== Exercise requirements ==
Print the listing in its entirety and exactly, leaving out images.

== Records for the task ==
===
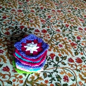 a) In Framed Garden 5, I accidentally made a mistake that resulted in a pleasing change of more color per granny square (and less white border). Also, it gave more structure to the squares. I’ll be keeping the “mistake”!
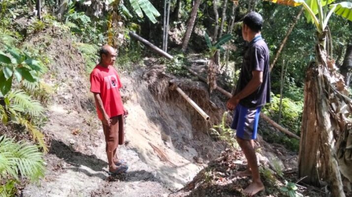 Tanah longsor yang terjadi akibat curah hujan tinggi menyebabkan saluran air tertimbun material tanah dan batu, sehingga pasokan air ke pompa hidram yang digunakan masyarakat untuk kebutuhan sehari-hari menjadi terputus. Warga yang mengetahui kejadian tersebut segera melapor kepada Babinsa untuk penanganan awal.
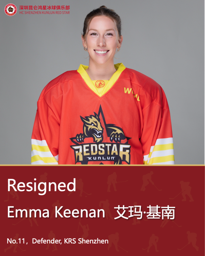 艾玛·基南(Emma Keenan)出生于1997年11月26日,美国/加拿大人,后卫,身高1.71米,左手射门,2015-2019年大学就读于克拉克森大学,参加NCAA共156场比赛39(4+35)分,2016-2018赛季连续两个赛季夺得NCAA总冠军。毕业后在瑞典女子冰球联赛打球2个赛季,随后在PHF的布法罗美人和康涅狄格白鲸各效力一个赛季,2023-2024赛季PWHL处子赛季加盟多伦多队。2024-2025赛季加盟深圳昆仑鸿星女子冰球队,在27场比赛得到28(13+15)分,荣膺联赛最佳后卫称号。
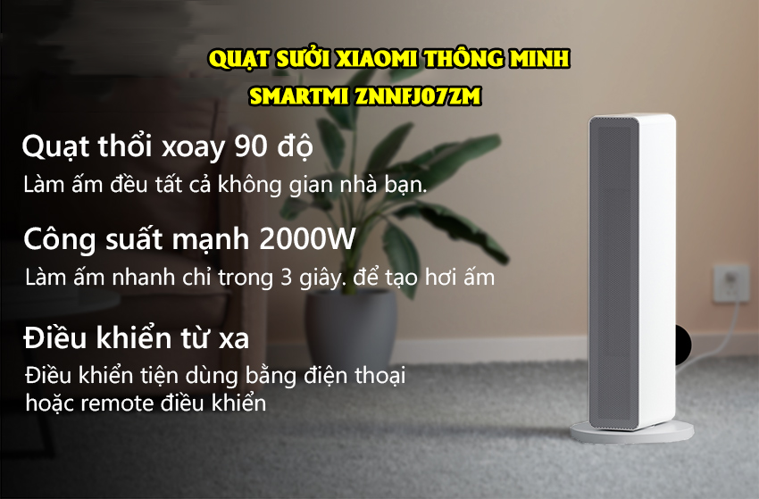 Quạt sưởi Xiaomi thông minh Smartmi ZNNFJ07ZM khác biệt so với các máy sưởi khác là việc làm ấm chủ động hơn với thiết kế quạt thổi hơi ấm cùng với khả năng xoay góc rộng 90o. Tạo điều kiện cho nhiệt tản đều và nhanh tới mọi khu vực trong không gian trong nhà bạn.
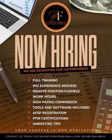 FULL TRAINING (NO EXPERIENCE NEEDED) REMOTE POSITION FLEXIBLE WORK HOURS HIGH PAYING COMMISSION TOOLS AND SOFTWARE INCLUDED AFSP REGISTRATION PTIN CERTIFICATIONS MARKETING TIPS COME JOIN THE WINNING...
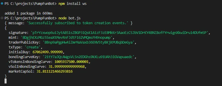 Now we can call sendPumpTransaction() in the Websocket message callback to buy 0.01 SOL of a token right after it’s created.
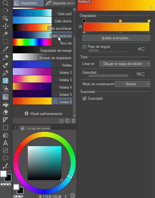 Nous sélectionnerons n'importe quel dégradé existant à l'exception de "Dégradé manga" et "Effacement de dégradé", ceux-ci ayant des configurations différentes d'un dégradé normal, ils ne nous sont donc pas utiles. Une fois que nous aurons sélectionné le dégradé, nous ferons un clic droit dessus, un menu contextuel apparaîtra où nous sélectionnerons l'option "Dupliquer la sous-catégorie d'outil", nous cliquerons sur cette option.
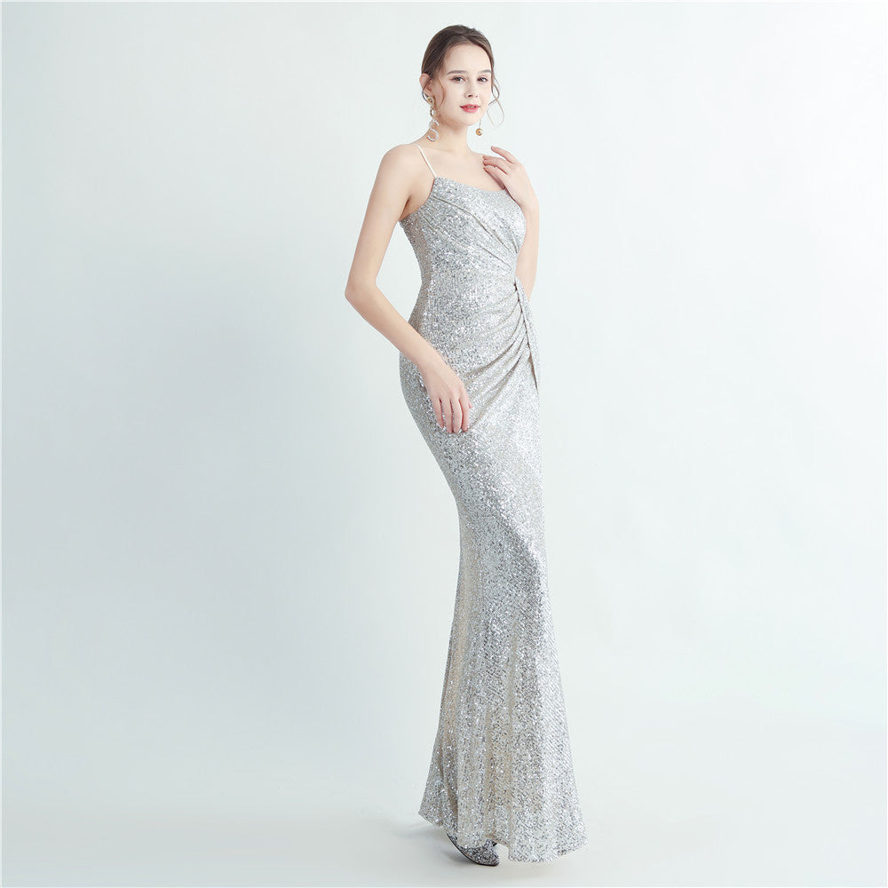 A maxi dress with a slim profile and flowing pleats. Spaghetti straps frame the neckline, while ruched sequins and a side slit add subtle detail.
===
== Your response ==
 a) In Framed Garden 5, I accidentally made a mistake that resulted in a pleasing change of more color per granny square (and less white border). Also, it gave more structure to the squares. I’ll be keeping the “mistake”!
 Tanah longsor yang terjadi akibat curah hujan tinggi menyebabkan saluran air tertimbun material tanah dan batu, sehingga pasokan air ke pompa hidram yang digunakan masyarakat untuk kebutuhan sehari-hari menjadi terputus. Warga yang mengetahui kejadian tersebut segera melapor kepada Babinsa untuk penanganan awal.
 艾玛·基南(Emma Keenan)出生于1997年11月26日,美国/加拿大人,后卫,身高1.71米,左手射门,2015-2019年大学就读于克拉克森大学,参加NCAA共156场比赛39(4+35)分,2016-2018赛季连续两个赛季夺得NCAA总冠军。毕业后在瑞典女子冰球联赛打球2个赛季,随后在PHF的布法罗美人和康涅狄格白鲸各效力一个赛季,2023-2024赛季PWHL处子赛季加盟多伦多队。2024-2025赛季加盟深圳昆仑鸿星女子冰球队,在27场比赛得到28(13+15)分,荣膺联赛最佳后卫称号。
 Quạt sưởi Xiaomi thông minh Smartmi ZNNFJ07ZM khác biệt so với các máy sưởi khác là việc làm ấm chủ động hơn với thiết kế quạt thổi hơi ấm cùng với khả năng xoay góc rộng 90o. Tạo điều kiện cho nhiệt tản đều và nhanh tới mọi khu vực trong không gian trong nhà bạn.
 FULL TRAINING (NO EXPERIENCE NEEDED) REMOTE POSITION FLEXIBLE WORK HOURS HIGH PAYING COMMISSION TOOLS AND SOFTWARE INCLUDED AFSP REGISTRATION PTIN CERTIFICATIONS MARKETING TIPS COME JOIN THE WINNING...
 Now we can call sendPumpTransaction() in the Websocket message callback to buy 0.01 SOL of a token right after it’s created.
 Nous sélectionnerons n'importe quel dégradé existant à l'exception de "Dégradé manga" et "Effacement de dégradé", ceux-ci ayant des configurations différentes d'un dégradé normal, ils ne nous sont donc pas utiles. Une fois que nous aurons sélectionné le dégradé, nous ferons un clic droit dessus, un menu contextuel apparaîtra où nous sélectionnerons l'option "Dupliquer la sous-catégorie d'outil", nous cliquerons sur cette option.
 A maxi dress with a slim profile and flowing pleats. Spaghetti straps frame the neckline, while ruched sequins and a side slit add subtle detail.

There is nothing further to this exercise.